自分が悪いとはいえ、あれだけ攻め立てられれば苦手にもなるというものである。しかも、エリザベート様のように直接的なことは一切なく、遠回しに私の心をえぐってくるように攻め立ててくるのだからたちが悪い。
あの人とは死んでも口喧嘩だけはしたくない。
「フレデリックから聞いているが……そんなにこっぴどく叱られたのか?」
「ええ……まあ、ハイ。で、でも、決して悪い人ではないと思います! 言ってることは全部正論でしたし、別に私に意地悪してあんなことを言っていたわけでもないですから」
「ふむ、まあ、そこまで言うならそうなんだろうが……それにしても意外だな」
いぶかし気にそう答えてガーラン様は鼻筋に手を当てた。
意外、というのは普段のニーナ様との違いが大きいことだろう。普段のニーナ・エインベルズという女性は社交性に富んだ八方美人であり、家柄も相まってまさに理想の貴族令嬢といった風貌であった。

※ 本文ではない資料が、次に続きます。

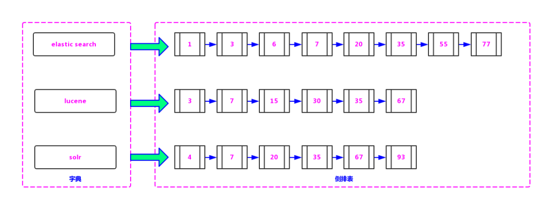 在倒排表中,“Lucene”指向有序链表 3,7,15,30,35,67,表示字符串“Lucene”在文档编号为3、7、15、30、35、67的文章中出现过,Elasticsearch 和 Solr 同理。

そんなニーナ様にあんな風に怒られるとは自分も思ってもみなかった。人間、何を隠しているか分かったものではないと実感させられた。
「私も、正直、ニーナ様はもっと温厚な方だと思ってました……」
「ははは、まあ、彼女は相当洗練された令嬢だから、それゆえなんだろう。その状況下では彼女も君やフレデリックをいさめないわけにはいかなかったんだと思う」
「はい。……反省してます」
私がうつむいてそう答えると、ガーラン様は愛想笑いをうかべた。
「二人の関係についてはどうだった?」
「私が熟年夫婦見たいだって、言ったらものすごく怒られました……」
「それは……どう受け取ればいいのか俺には判断しかねるな……」
「でも、ただの主従関係にしては本当に仲がよさそうでした。いい意味でニーナ様に対するベストール様の態度もちょっと雑でしたし」
あれは本当に仲が良くないとできない行為だと思う。
主人の言葉をぞんざいに扱うなど本来あってはならないことだが、それが許される関係だということの証明に他ならない。
恋人ではないにしても、少なくともあの二人は主従関係なんて割り切った関係じゃないはずだ。
「ふむ……そういえばニーナ嬢にはそういった話は一切なかったな」
「え?」
「いや、もしかすると、そういうことかもしれないと思ったんだが……。まあ、本人が否定している以上はこれ以上の確認はできないが」
そういうと、ガーラン様は天井を眺め、物思いにふけた。
「さて、どうしたものか……」
そうガーラン様はつぶやいたあと、視線を私に戻した。しかし、視線を戻したと思ったら、少しだけ私の右斜め後ろ、おそらくは図書館の入り口付近に視線を移し始めた。
そして、ガーラン様の表情は硬直した。いったい何を見たというのか。
そう思い、私もガーラン様と同じ方角に目を移した。
そこには話題の人物がちょうど図書館に入ってきたようだった。あまりにもできすぎたタイミングに少し動揺してしまう。